Your objective:
Each line that contains the word "Rural" is to be copied from the records below.

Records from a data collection

····················

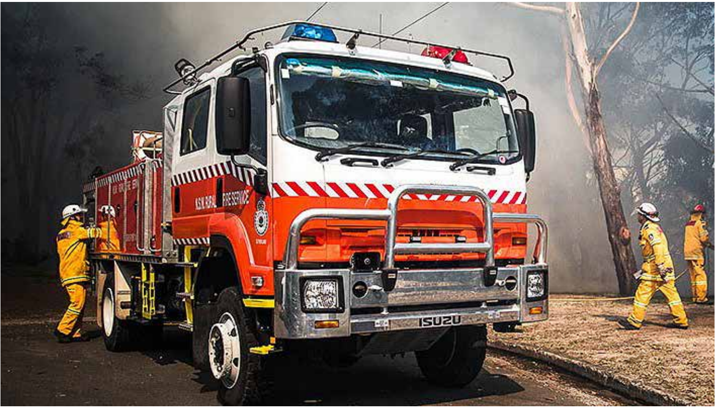
The Rural Fire Service and Council are calling on the community to be prepared for another challenging bushfire season, with soil moisture levels still low despite the recent rainfall.

"We (the Rural Fire Service) are ready to deal with any incidents
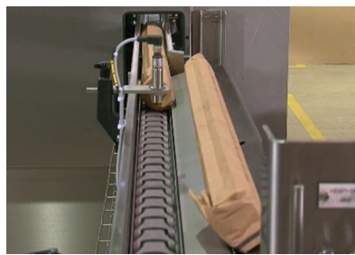
Feeding conveyor upstream unwrapping section
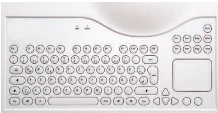
Autoclavable keyboards are easier to disinfect than standard keyboards.

Laminar air flow, which is a form of positive pressure ventilation, is used in many health care facilities to decrease the rate of air exchange from the semi-restricted area of the outside hallway to the operating room. Additionally, traffic in the operating room should be kept to a minimum while a procedure is in progress to prevent contaminants from becoming airborne, thus reducing the contact patients have to airborne microbes and fomites, as discussed and described in AST's Recommended Standards of Practice for creating the sterile field. 10 Disinfectants used in the
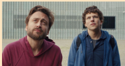
ARTS & LIVING 5
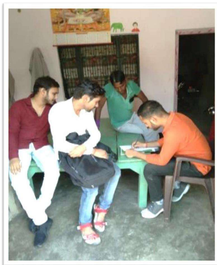
STUDENTS INTERACTING WITH FARMER TO AWARE ABOUT THE BENEFIT OF SUMMER PLOUGHING OF FIELD ON DATED 5 JULY 2021

College of Agriculture, a constituent unit of the university organized extension programmes were conducted for small & marginal farmers in neighbouring villages of university held at Milkipur Block in session 2021-22. This student extension programmes were conducted with an objective to generate awareness on seed treatment, Paddy line transplanting, balanced fertilizers and to expose farmers about best practices of majors crops to get maximum yields from this major kharif crop. Additionally, students had conducted the Kisan Gosthi to reach the maximum farmers of neighbouring villages.
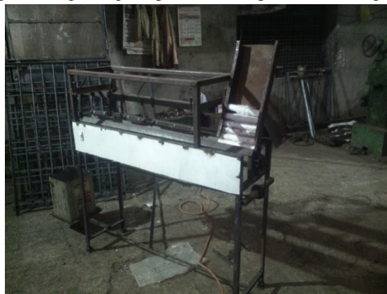
Fig : yarn removal machine

In textile, productivity has great influence on yarn and fabric production. Optimizing the output in this sector is a big challenge; to achieve this goal the role of an individual person regarding the production department has a great importance.
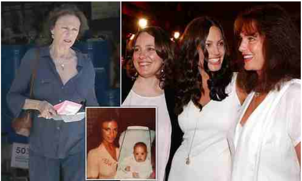
Angelina Jolie's reclusive Hollywood legend godmother breaks cover 49k viewing now

····················

Answer box:
The Rural Fire Service and Council are calling on the community to be prepared for another challenging bushfire season, with soil moisture levels still low despite the recent rainfall.
"We (the Rural Fire Service) are ready to deal with any incidents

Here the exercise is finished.